Удержаться от искушения говорить Васенька решительно не может и выбалтывает все, что только ни сообщают ему. И такому-то человеку литературная братия поверяет «по секрету» один про другого, что он бездарен, глуп и т. п. Васенька помирает со смеху, передавая все эти гнусности, основанные только на желании выпихнуть того или другого из редакции, чтобы занять больше места под свои статьи.


20 декабря. Для полной обрисовки Богушевских расскажу, как ведут дела эти люди.

Левушка — горный инженер по профессии — очень мало сведущий в литературе человек; вдобавок, он глух и упрям, как целая хохлацкая губерния.
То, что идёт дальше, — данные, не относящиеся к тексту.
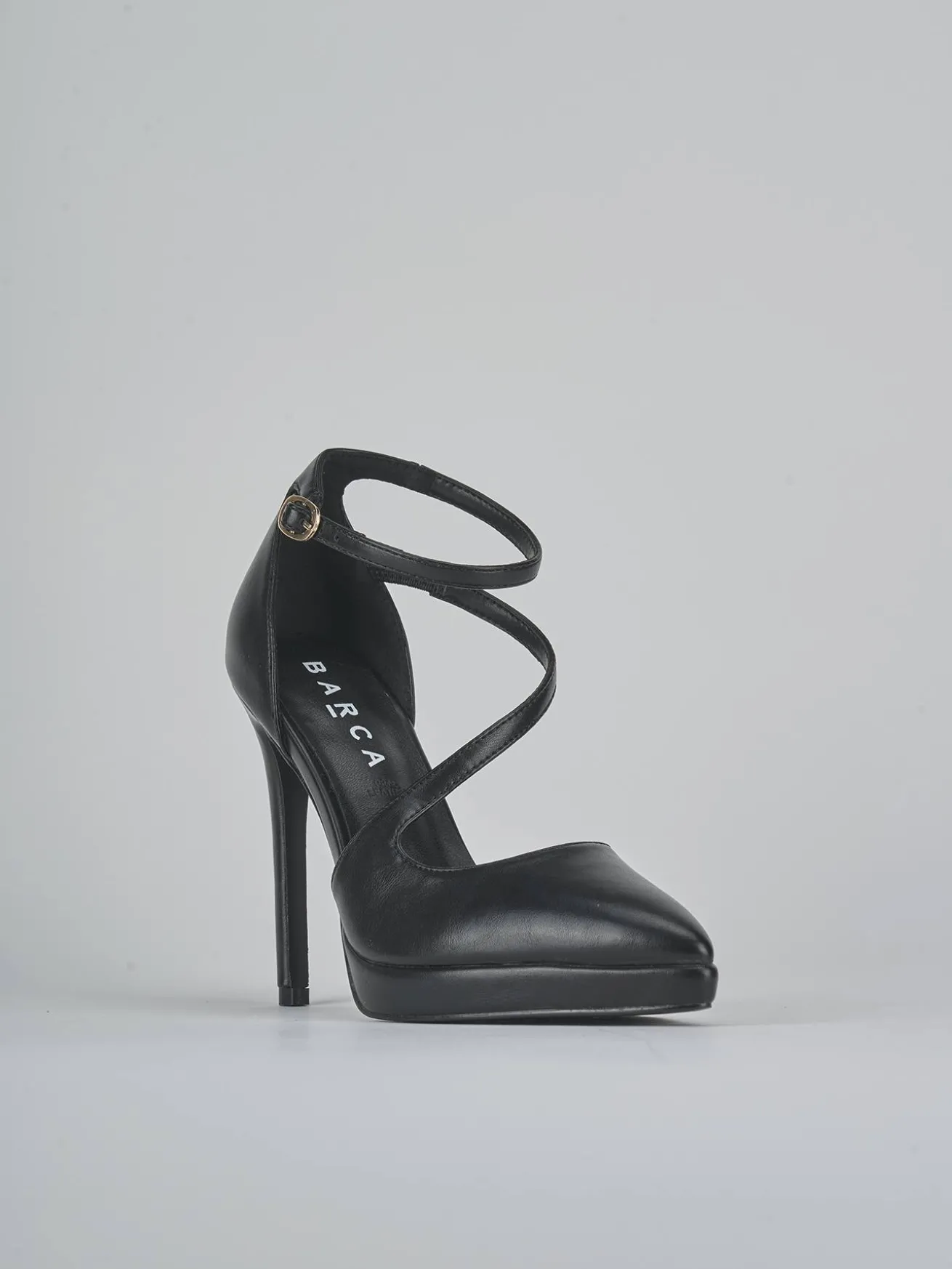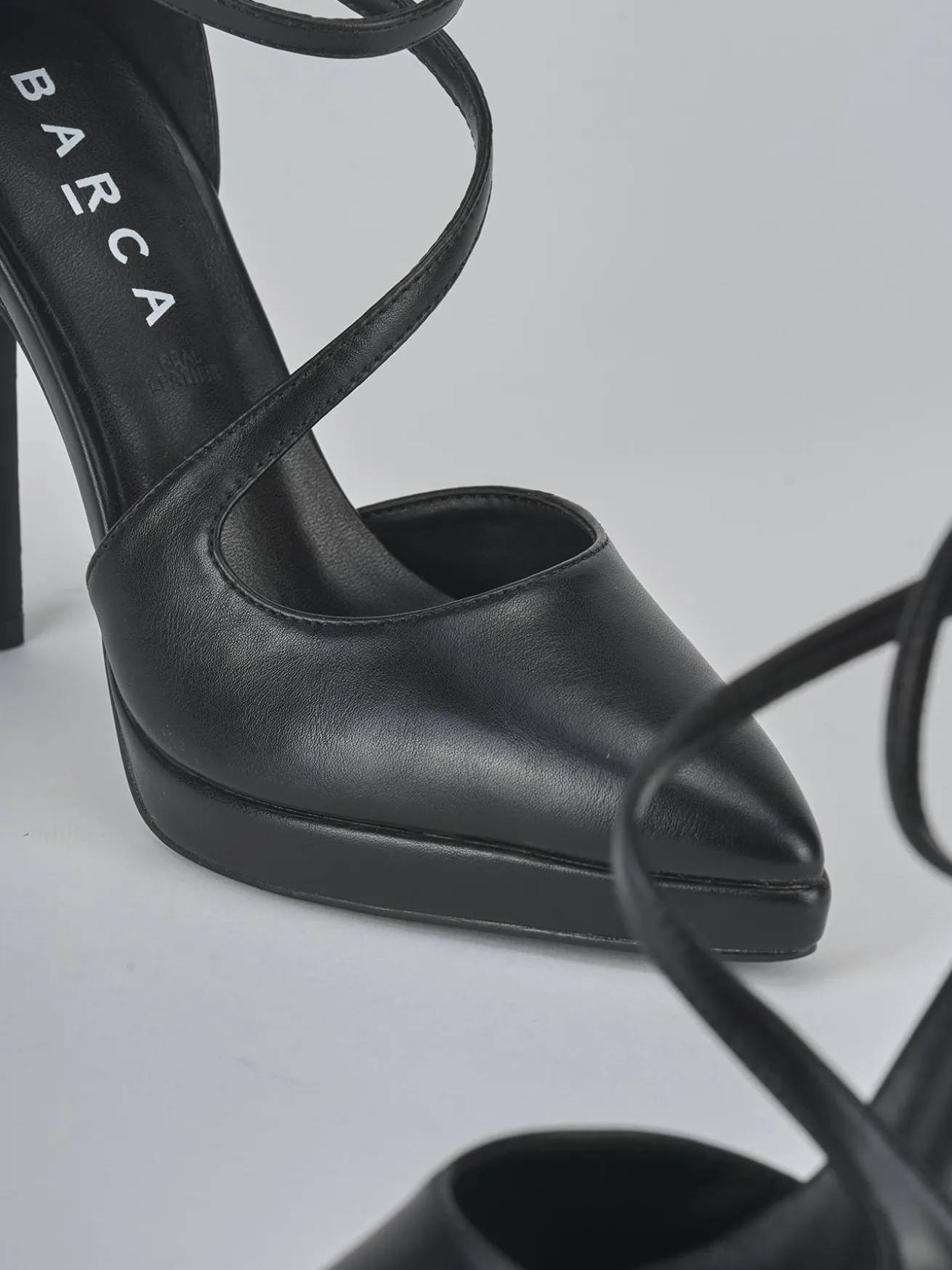Realizzato in pelle sostenibile di colore nero, questo modello vanta un tacco di 10 cm che slancia la figura, mentre il piccolo plateau anteriore di 1 cm garantisce un comfort sorprendente.

Задумали эти благодушные обыватели издавать журнал и первым делом устроили контору.

Пригласили за 150 р. бухгалтера, затем заведывающего конторой и конторщика. В заведывающие складом добыли откуда-то некоего Гинлейна — лысого немца; секретарем поступил к ним Ф. Ф. Потехин[271].

Последний «поступил» просто: явился в один прекрасный день без всякого зова и стал «помогать» в конторе, явился и на другой день, и на третий… Богушевские радовались. Когда стали выдавать конторе жалованье — пришел получать и Федор Федорович.

— Но ведь вы не служите?… — осмелился сконфуженно возразить Васенька.

— Нет, служу. Я же работал? Без меня вы не обойдетесь! — твердо возразил Потехин. Деньги ему были выданы и, таким образом, он водворился у них явочным порядком.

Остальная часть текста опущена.